Short Bamboo Rodの製作依頼があり、作業を進めております。
今回は真竹を使用して、Short Rodでありながらもピンピンのアクションではなく、粘りのあるアクションを目指しています。
さて、Short Rodとはどの程度の長さを指すものかと言うのは人それぞれで、バンブーロッドの場合、7f以下をShort Rodと呼ぶ人もいれば、6’06”以下をShort Rodと呼ぶ人もいます。
今回は6’00”を予定していますので、Short Rodと呼んで問題ないでしょう。
製作依頼があったと言いましたが、その依頼者はまず最初にFairy Reelに興味を持ったようで、このFairy Reelに合うバンブーロッドを作製する予定があると伝えると、是非欲しいとの事でした。
折角なので、6’00”の2pcsと3pcsを作製しようと目論んでいます。
曲がり直し作業は案外集中力を要する作業なので、一気に作業を進めると苦痛を伴う作業になってしまいます。
2pcsと3pcsなので、計30本の曲がり直しが必要になりますが6本/日程度の作業に抑えることで、苦痛な作業にすることなく、丁寧に作業を進めることができます。
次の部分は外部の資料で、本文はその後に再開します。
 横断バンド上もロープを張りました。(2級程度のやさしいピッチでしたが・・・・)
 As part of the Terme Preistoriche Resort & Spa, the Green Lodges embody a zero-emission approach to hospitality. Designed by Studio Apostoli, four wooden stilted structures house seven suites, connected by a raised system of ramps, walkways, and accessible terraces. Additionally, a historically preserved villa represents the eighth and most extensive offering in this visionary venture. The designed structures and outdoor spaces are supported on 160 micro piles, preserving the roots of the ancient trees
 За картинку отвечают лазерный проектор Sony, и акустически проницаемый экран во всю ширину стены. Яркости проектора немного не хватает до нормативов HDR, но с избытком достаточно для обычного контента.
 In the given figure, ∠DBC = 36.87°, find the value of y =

バンブーロッドの加工プロセスでは、六角形のブランクスを作製するまでのプロセスとラッピング以降のプロセスとでは大きく加工の雰囲気が異なり、六角形のブランクスを作製するまでのプロセスは「動」で、ラッピング以降のプロセスは「静」と言えるのかもしれません。
竹割り⇒曲がり直し⇒荒削り⇒火入れ⇒スクレッピング⇒仕上げ削り⇒仕上げ削り⇒接着
「動」のプロセスは大きく分けると上記のようになりますが、ここまでの作業プロセスは最後の接着プロセス以外は途中の作業結果がロッドに現れることがありません。
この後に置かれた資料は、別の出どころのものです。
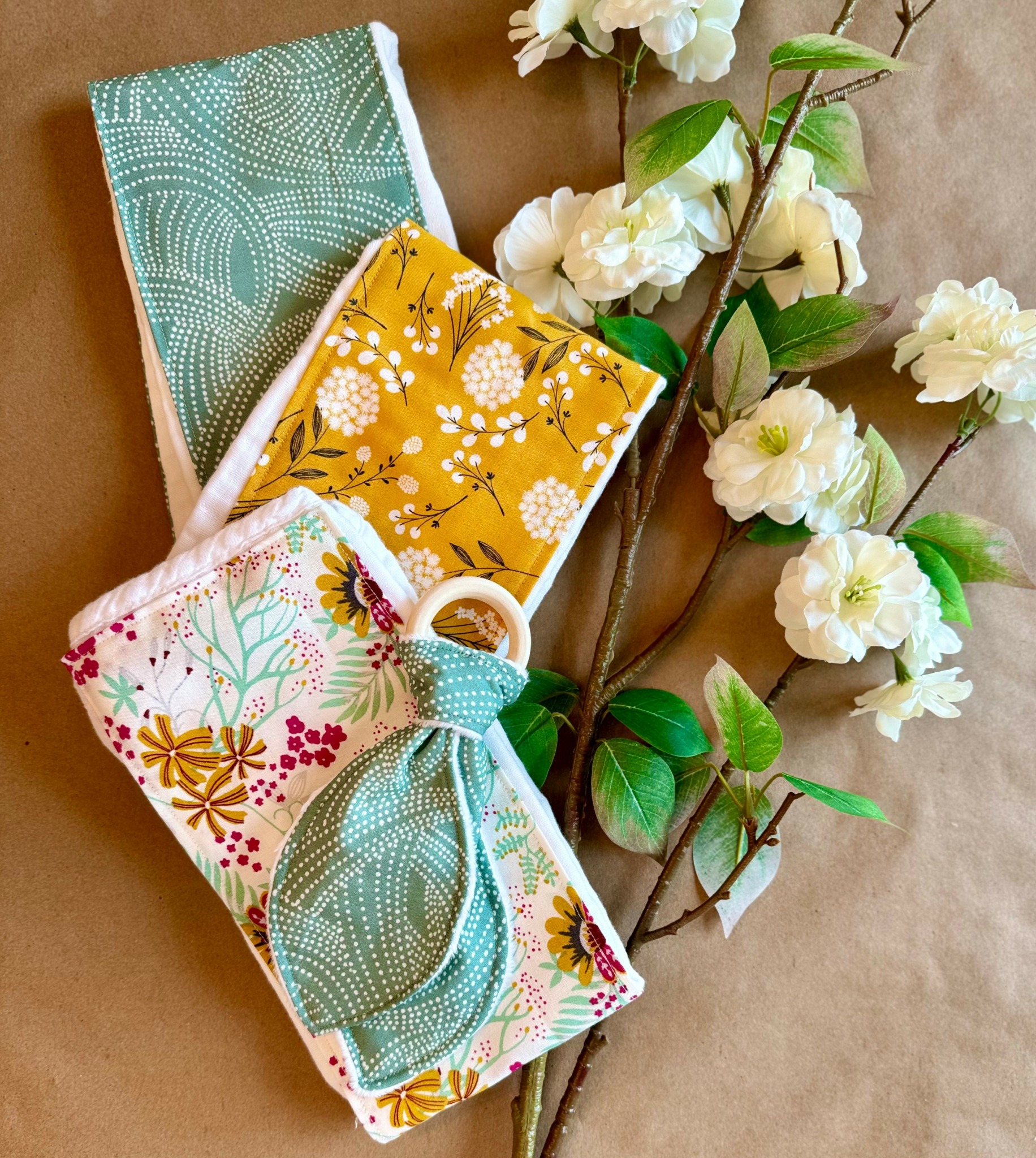I could shop all day every day for fabric. I love roaming the aisles and carefully examining bolt by bolt to see what’s new, what would go with something I already have, what unexpected print would be a fun fit for a baby gift. When I say I could shop every day for fabric, I really could!! What I especially love is a custom themed order. When a customer reaches out and shares a baby shower theme, a picture of the nursery décor, an expectant mom’s favorite animal or color, or, best of all, one of dad’s favorite pastimes or sports and then they trust me to run with it, it is truly an honor and a challenge I will humbly accept every time. I love finding just the right fabric within those requests and tying in coordinating prints and patterns for a truly personalized collection of baby gifts. Not only do I love the hunt for the perfect print, I love providing a gift that my customer is proud to give. I want my customers to know that I will deliver a high-quality baby gift that demonstrates their love for this growing family.
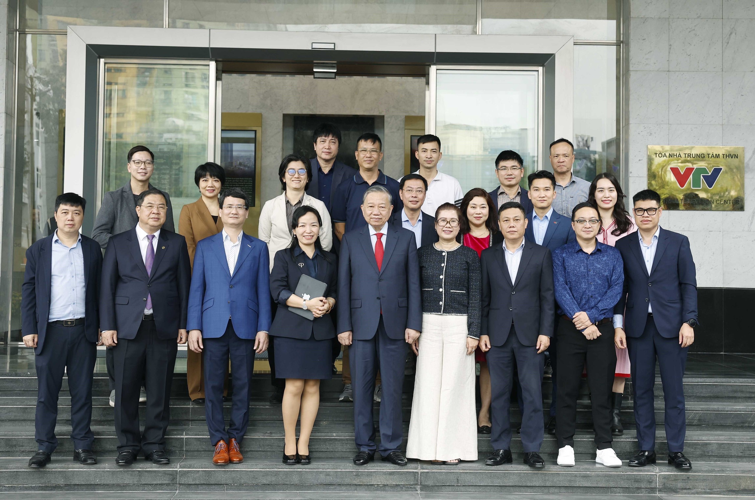 Tổng Bí thư Tô Lâm với cán bộ, phóng viên, biên tập viên và kỹ thuật viên Đài Truyền hình Việt Nam. Ảnh: Thống Nhất-TTXVN
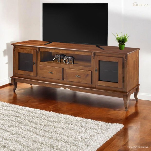 Rack Madeira Maciça com Pés Luis Xv 2 Gavetas 2 Portas e Nicho 60503 Linz Móveis - Imbuia Glazer Imbuia Glazer
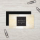 An array of cascading faux gold-hued confetti dots create an eye-catching design pattern on this stylish business card design. Set on a white background with a simple black box designed to hold your name or business name in a modern type treatment. © 1201AM CREATIVE
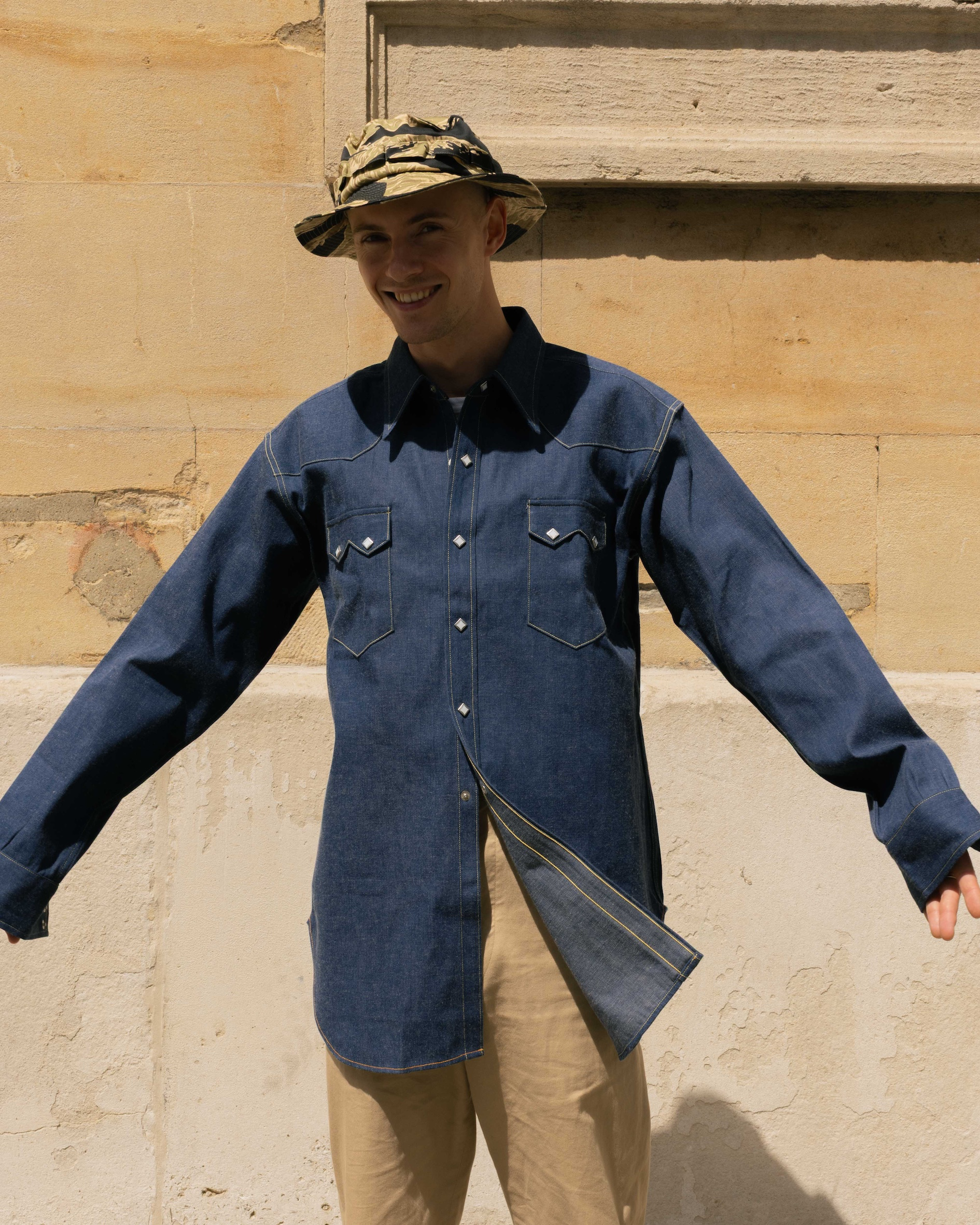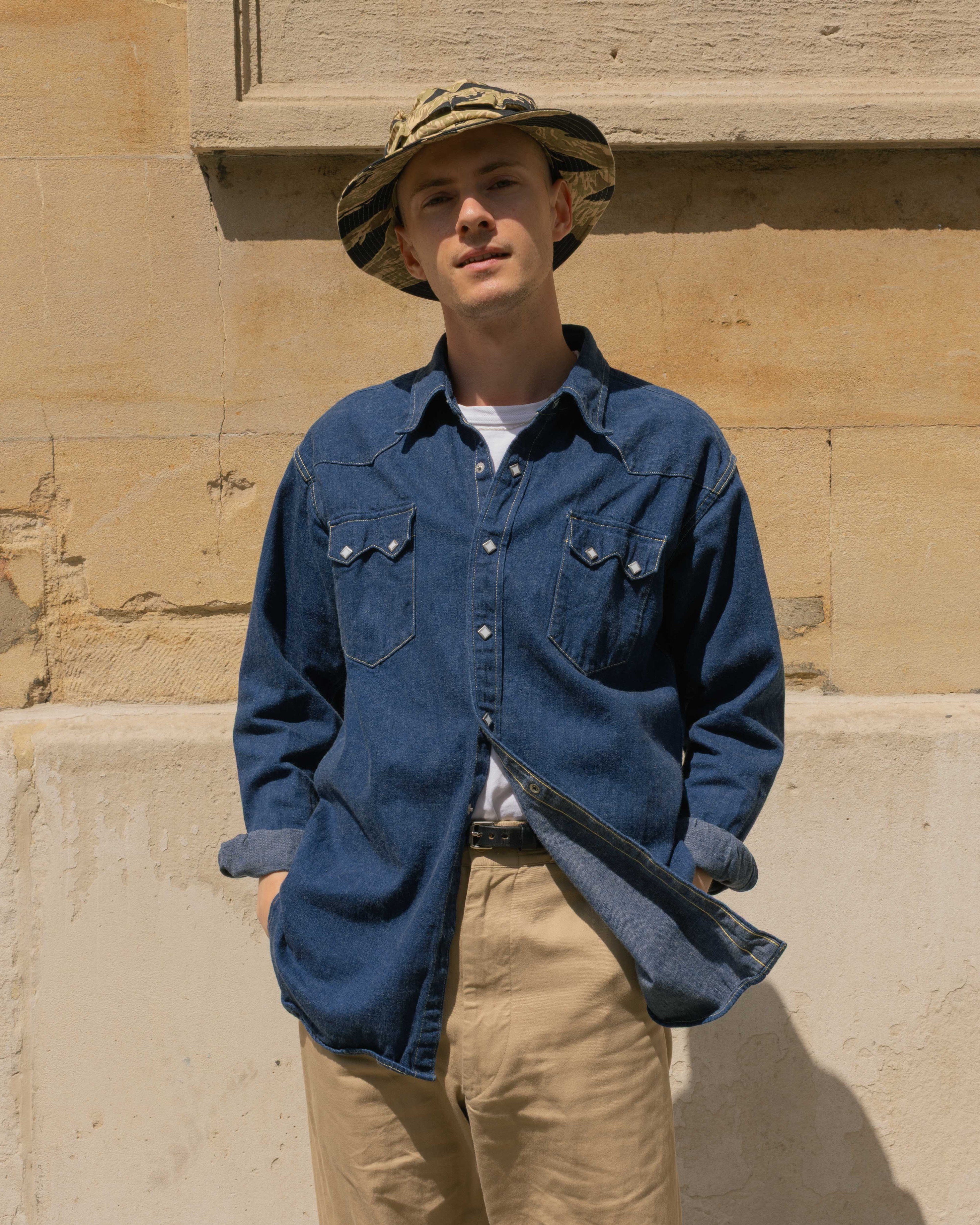 Falling under their Joe McCoy line, this Denim Western Shirt draws inspiration from 1960’s styles. The denim has been specially woven using layered lighter-coloured yarns to produce a pale indigo hue, authentically capturing the look of that era. Crafted from a 10 oz denim in Japan.

極端な言い方をすれば、どのようなプロセスを経たとしても最後の接着が上手くいけばそれなりのロッドの見えてしまう訳です。
また、ロッドアクションを決定づけるテーパーについては過去のビルダーが残したテーパーを参照すればそれなりのアクションを作り出すことができるのです。
道具さえそろっていれば誰でも比較的簡単にバンブーロッドを作製することは可能です。
なのですが、その誰かのテーパー通りに作製したロッドのアクションをもっと自分好みにするにはどの部分のテーパーをどの程度調整すれば良いかと言う数値をフィードバックするようにいなるにはそれなりの本数を作製してデータを蓄積していかなければなりません。
バンブーロッドビルディングをパワーゲームと勘違いしている人は、ミリングマシーンを導入して、テーパーソフトを購入してそれらしいロッドを作っているようですが、レシピの蓄積は一朝一夕ではできないのです。
「動」のプロセスの見えない部分の作業が実は非常に大切で、「次工程はお客様」と言う意識を持って作業を行うようにしています。
竹割り⇒曲がり直し⇒荒削り⇒火入れ⇒スクレッピング⇒仕上げ削り⇒仕上げ削り⇒接着
ここまでの工程で8工程あります。
各工程の歩留まりと言うか満足度を各工程で95%だとすると66%の満足度のブランクスになってしまうのです。
プロセスが多い分だけ各プロセスをしっかりと加工する必要が非常にい大事なのです。
更に「静」のプロセスに関しては、作業内容がバンブーロッドの表面に作業結果として明確に表れてきます。
ロッドを見ただけでビルダーの性格が見て取れると思います。
ビルディングを続けてくると各プロセスに作業を短時間でこなせると思われるようですが、熟練するにつれて今まで気づかない部分まで目が行って、細部まで気になってしまい結果として作業時間が短時間化されることはなく、更なる職人への道へと足を踏み入れるようになっているようです。
私の尊敬するビルダーさんの作品はため息が出るほどです。
まだまだ私は全然追いつけないのですが、低いハードルを簡単に超えていくようなビルダーにはなりたくありません。
1999年から時間は経過しておりますが、まだまだ毎日習得することがたくさんあり、色んな事を多くの引き出しに蓄えながら技術力を高めていきたいと思います。
本日無事に接着完了してこのブログを書いております。